TORONTO (AP) — Canada's foreign minister said Friday that India's remaining diplomats in the country are “clearly concerned” not to endanger the lives of Canadians after New Delhi's top envoy to Canada was named as a person involved in the assassination of a Sikh activists were involved.

India's high commissioner was expelled on Monday along with five other diplomats, prompting Foreign Minister Mélanie Joly to compare India to Russia and say Canada's national police had linked Indian diplomats to killings, death threats and intimidation in Canada

Joly said Friday that Canada will not tolerate foreign diplomats putting the lives of Canadians at risk.

“We have never seen this in our history. This level of cross-border repression cannot take place on Canadian soil. We have seen it elsewhere in Europe.

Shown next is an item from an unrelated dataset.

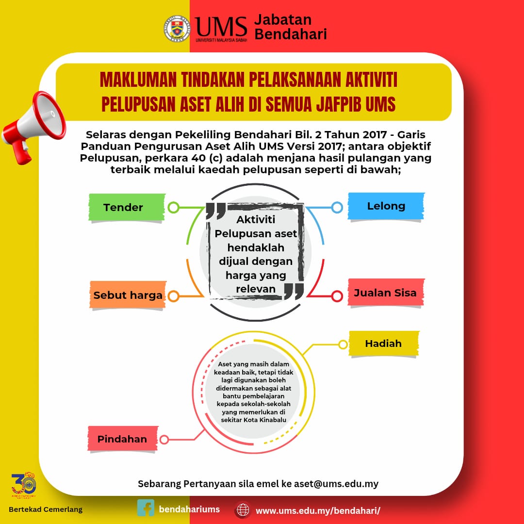 Sukacita dimaklumkan bahawa Sektor Pengurusan Harta & Risiko, Jabatan Bendahari telah menyediakan hebahan infografik sebagai pemakluman kepada seluruh JAFPIB mengenai Tindakan Pelaksanaan Aktiviti Pelupusan Aset Alih Di semua JAFPIB UMS untuk tindakan.

Russia has done this in Germany and the United Kingdom and we must stand firm on this issue,” she said in Montreal.

Asked whether more Indian diplomats will be expelled, Joly said: “They have clearly been notified. Six of them were expelled, including the High Commissioner in Ottawa. Others came mainly from Toronto and Vancouver and of course we do not tolerate diplomats who violate the Vienna Convention.”

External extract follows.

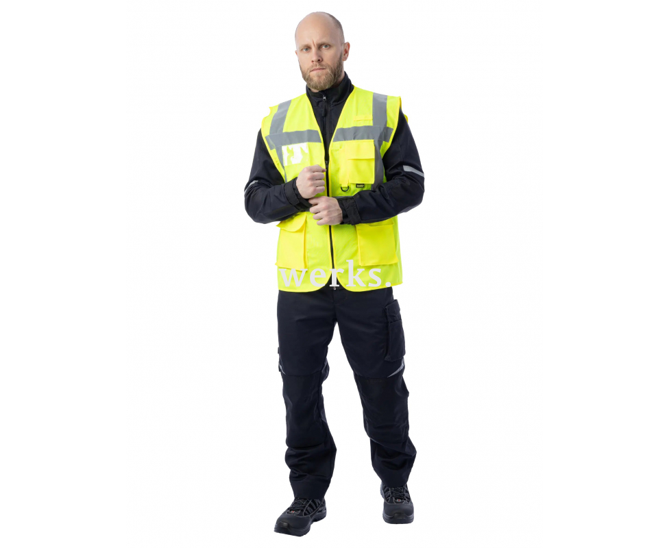 Сигнальный жилет Brodeks KM122 - жилет 2 класса видимости предназначен для обеспечения повышенной видимости в любых условиях. Его можно носить поверх летней и зимней одежды. Жилет обеспечивает безопасность в светлое и темное время суток, а также в сложных метеорологических условиях, таких как туман, дождь или снег. 6 карманов, крепление для рации, прозрачный держатель для ID бейджа, а также надежная молния делают его функциональным и удобным. В летний период, надев его на футболку можно получить функциональный рабочий аксессуар. Застежка на молнию спереди для удобства СВ ленты шириной 50 мм Два нижних накладных кармана Карман для телефона и ручки Отсек для удостоверения личности Петля для крепления рации D-образное кольцо для карабина Доступно в размерах от S до 3XL 2 класс повышенной видимости Материалы: 100 % полиэстер

Prime Minister Justin Trudeau and the Royal Canadian Mounted Police went public this week with allegations that Indian diplomats targeted Sikh separatists in Canada by passing information about them to their government back home. They said senior Indian officials then passed that information to Indian organized crime groups, which targeted the activists, who are Canadian citizens, with drive-by shootings, extortion and even murder.

India, for its part, has rejected the Canadian allegations as absurd and its foreign ministry said it would expel Canada's acting high commissioner and five other diplomats in response.

Canada is not the only country to accuse Indian officials of plotting an attack on foreign soil. The U.S. Department of Justice on Thursday announced criminal charges against an Indian government employee in connection with an alleged foiled plot to assassinate a Sikh separatist leader living in New York City.

In the case announced by the Justice Department, Vikash Yadav, who authorities say led the New York conspiracy from India, is charged with murder-for-hire in a planned killing that prosecutors say preceded a series of other politically motivated killings in the United States and Canada.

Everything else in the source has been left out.